Just booked one. I fish the Key West wrecks  the first week in June.


----------



## redneck_billcollector (May 15, 2012)

Parker Phoenix said:


> Don't care to travel outside the US for fishing or any reason for that matter. Last month I took Venice, La. off the my bucket list, next as simple as it sounds I want to do a Key West trip. I also want a Blue tuna trip.



I like to travel to fish simply because it is different and the variety of fish available.  Cabo San Lucas MX is a fine example (where my avatar pic was taken by the way, 31 ft bertram 350 USD for a full day of offshore fishing).  I love fishing the keys and do it at a minimum of every two years but the fishing in Cabo really makes the keys pale in comparison.  There are more ways to fish in the keys, but in Cabo in August you can target 5 billfish species and if you put in the time, catch all five (blue marlin, striped marlin, black marlin, p. sailfish and swordfish).  The average dolphin caught, and you catch a mess of them, would make any angler envious and win most tournements in the keys or anywhere else in FLA.  Tuna are so thick at times you will literally see 100+ jumping in the air.  The wahoo are huge (the world record was from there in August).  My personal biggest dolphin, wahoo and yellowtail (not the snapper but a type of Jack that is good eating) were caught there.  The AJ are as big as any you see coming from NC.  The grouper and snapper fishing is literally stuff dreams are made of and lets not leave out roosterfish.  They are basically huge jack crevelle with funky haircuts.   A week of fishing hard you can literally fish for and catch all of those (probably not all the billfish listed, but a number of them).  The neat part is, I can fish down there for a week (7days) at the cost of two days fishing all day offshore charters in the states.  
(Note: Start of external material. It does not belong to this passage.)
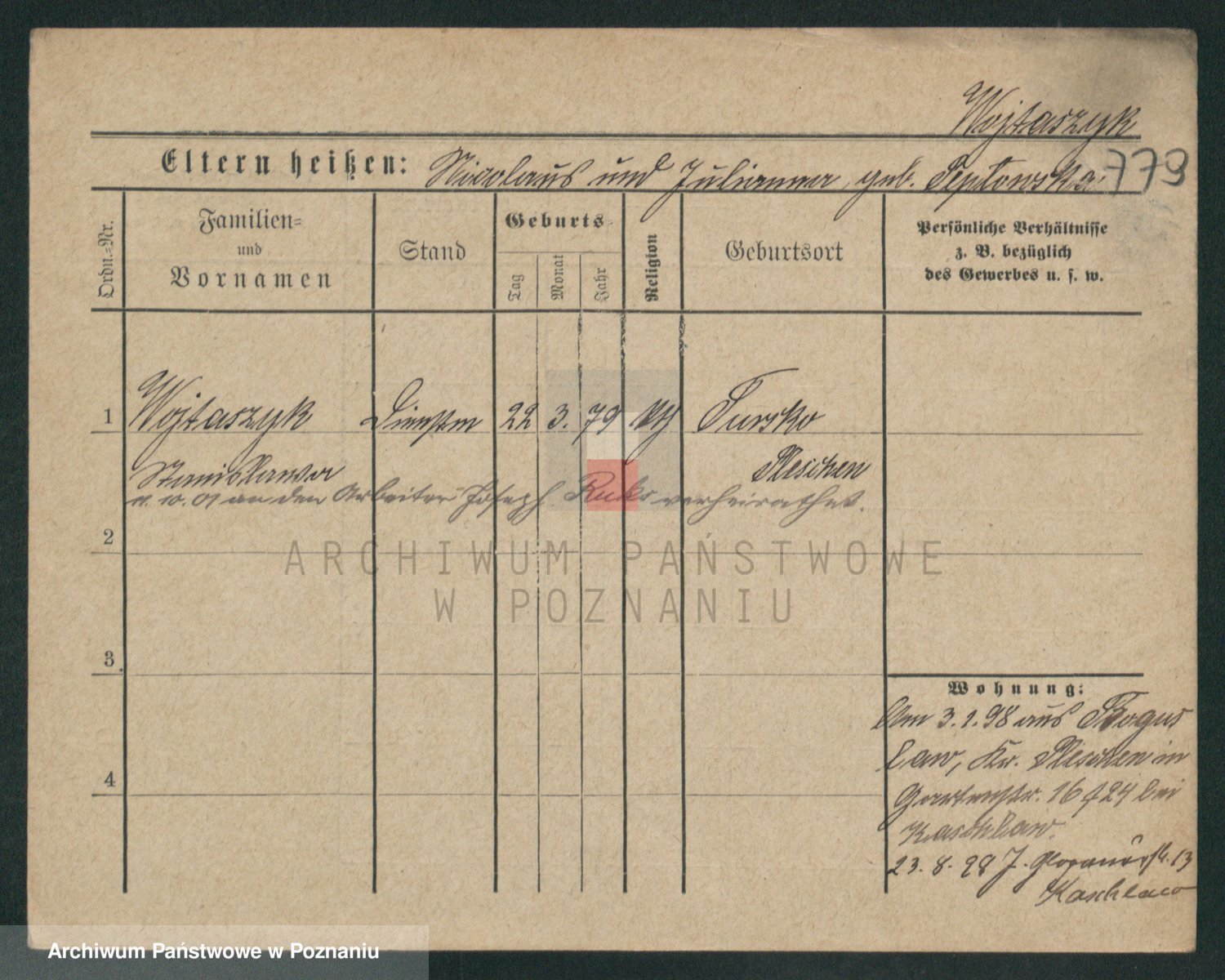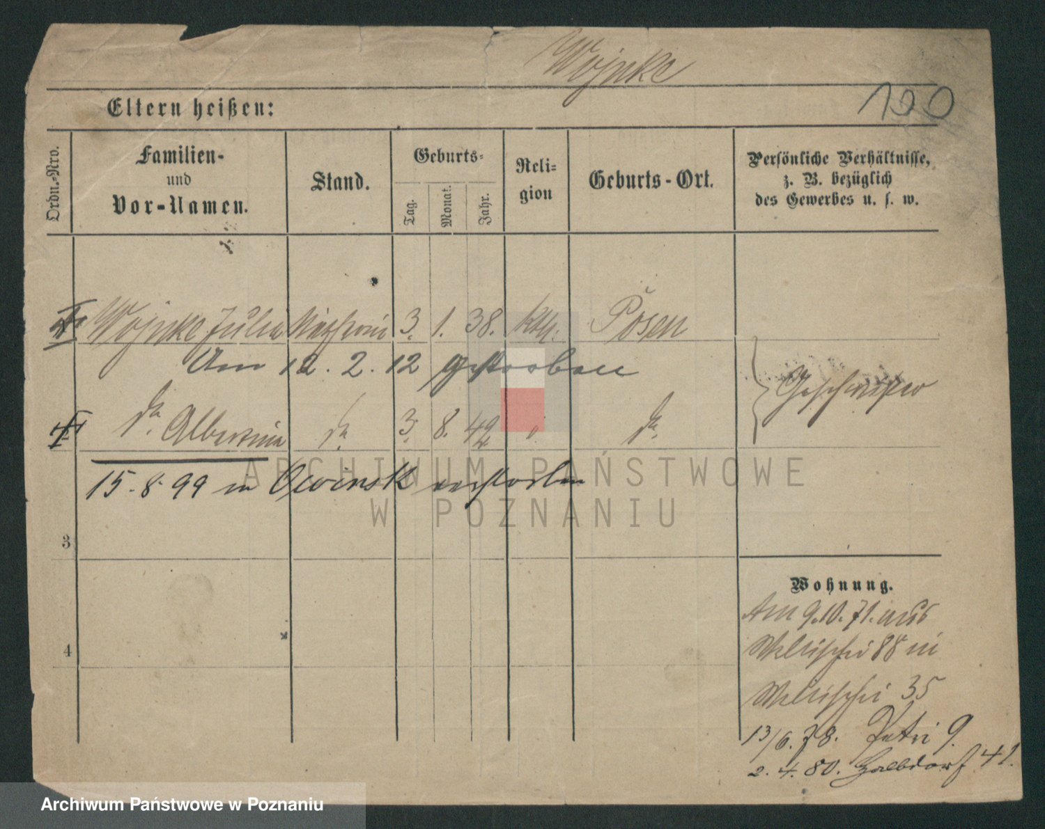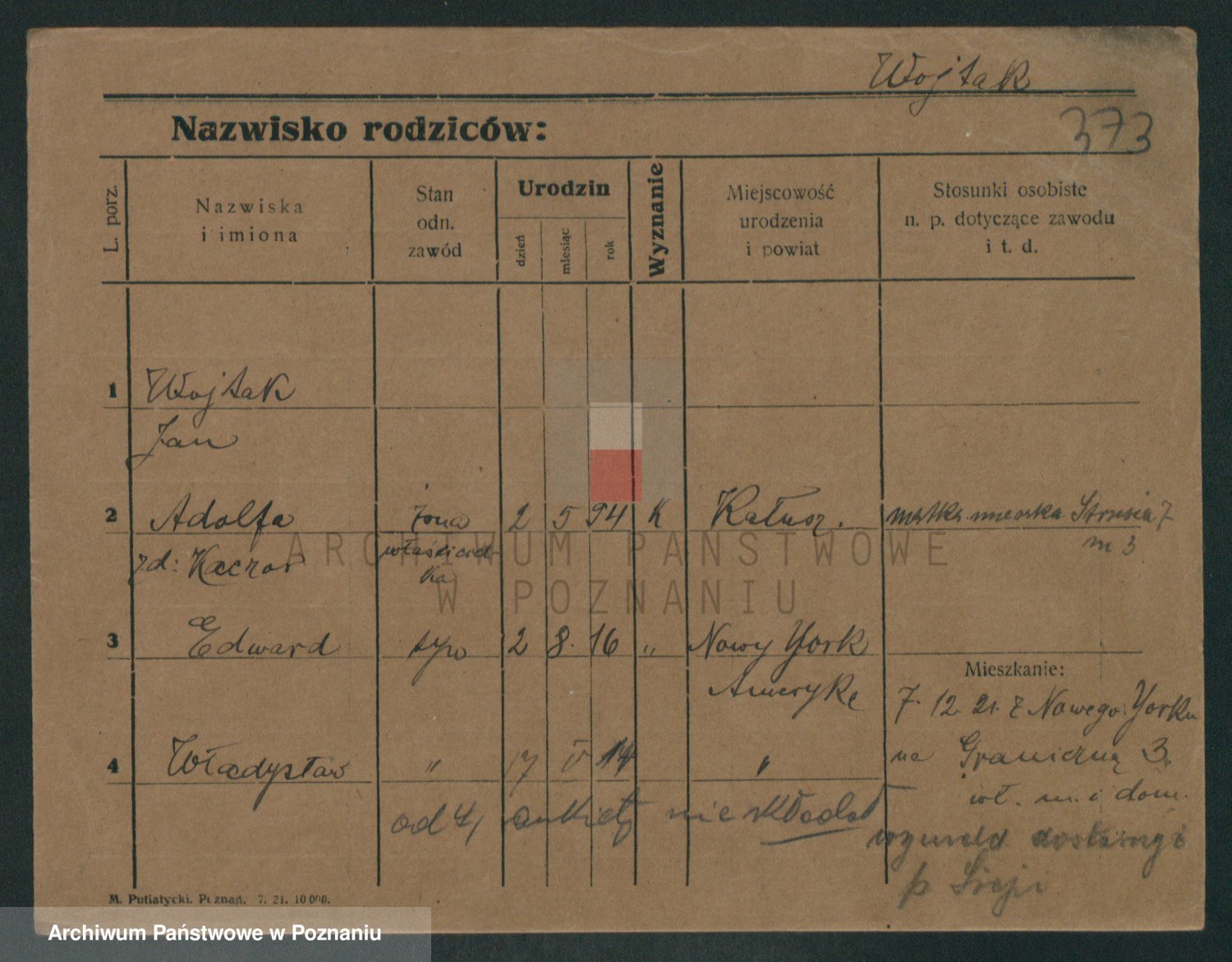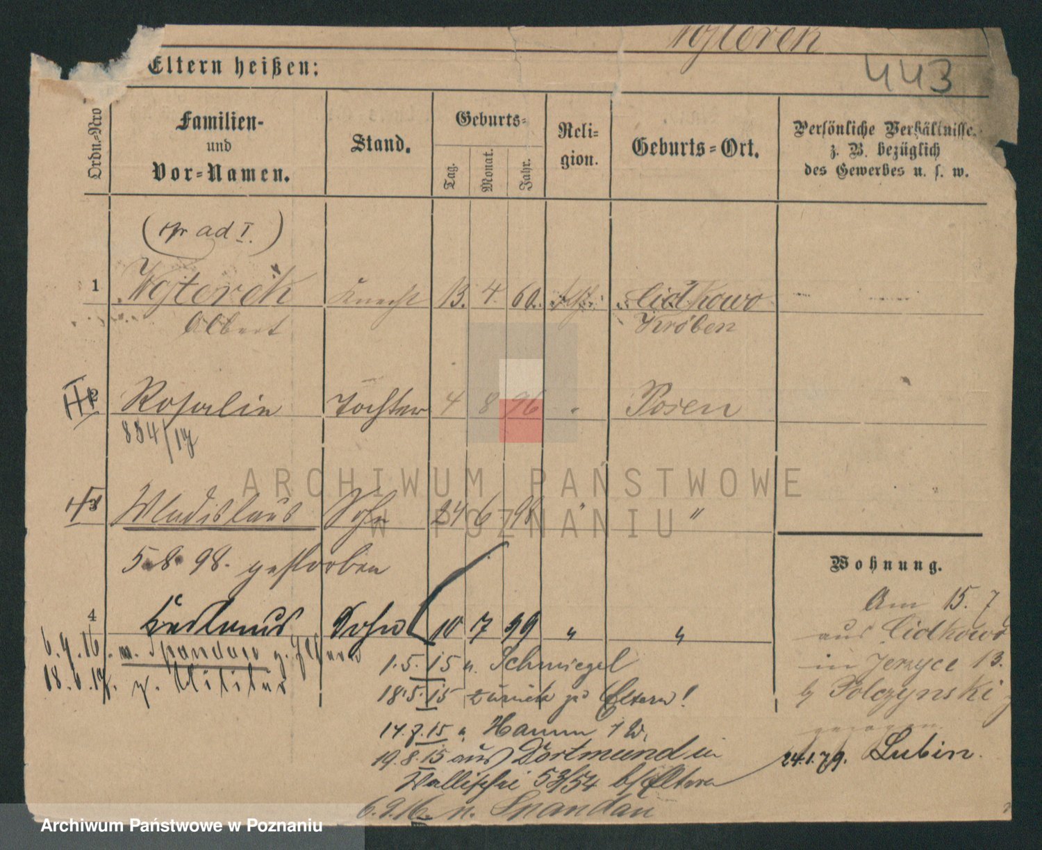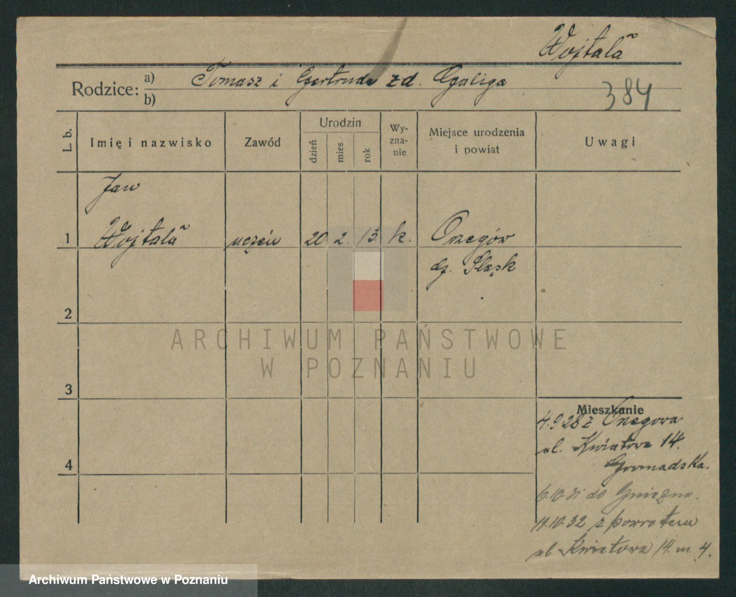 Podgląd karty osobowej dostępny jest po kliknięciu na nazwisko lub ikonkę karty. Można dokonywać powiększenia (ikony na górze) lub przechodzić między kolejnymi skanami (strzałki po bokach).

I have always had gypsy blood in me so I love to travel all over, but I understand not wanting to.  There are places in the US that are exotic and offer great fishing, Kona HI, St. Thomas USVI, Puerto Rico and American Samoa (another place I would love to fish).  While you have to travel to get to those places, you don't need a passport and you are still in the good ol' USA.


----------



## Dustin Pate (May 15, 2012)

I would like to go to Venice for about a month and fish offshore and inshore. Next to that I would love to go somewhere for trophy bonefish.


----------



## jonkayak (May 15, 2012)

On my short term fishing bucket list is to put a sailfish in my own boat followed up with a wahoo. After that a roster fish, blue fin and yellow fin tuna.

On the general bucket list is to dive or snorkel with whale sharks and manta rays. I think around Christmas of this year I might get to mark off the manta ray.


----------



## shakey gizzard (May 16, 2012)

X4 on a blue fin!


----------



## redneck_billcollector (May 16, 2012)

jonkayak said:


> On my short term fishing bucket list is to put a sailfish in my own boat followed up with a wahoo. After that a roster fish, blue fin and yellow fin tuna.
> 
> On the general bucket list is to dive or snorkel with whale sharks and manta rays. I think around Christmas of this year I might get to mark off the manta ray.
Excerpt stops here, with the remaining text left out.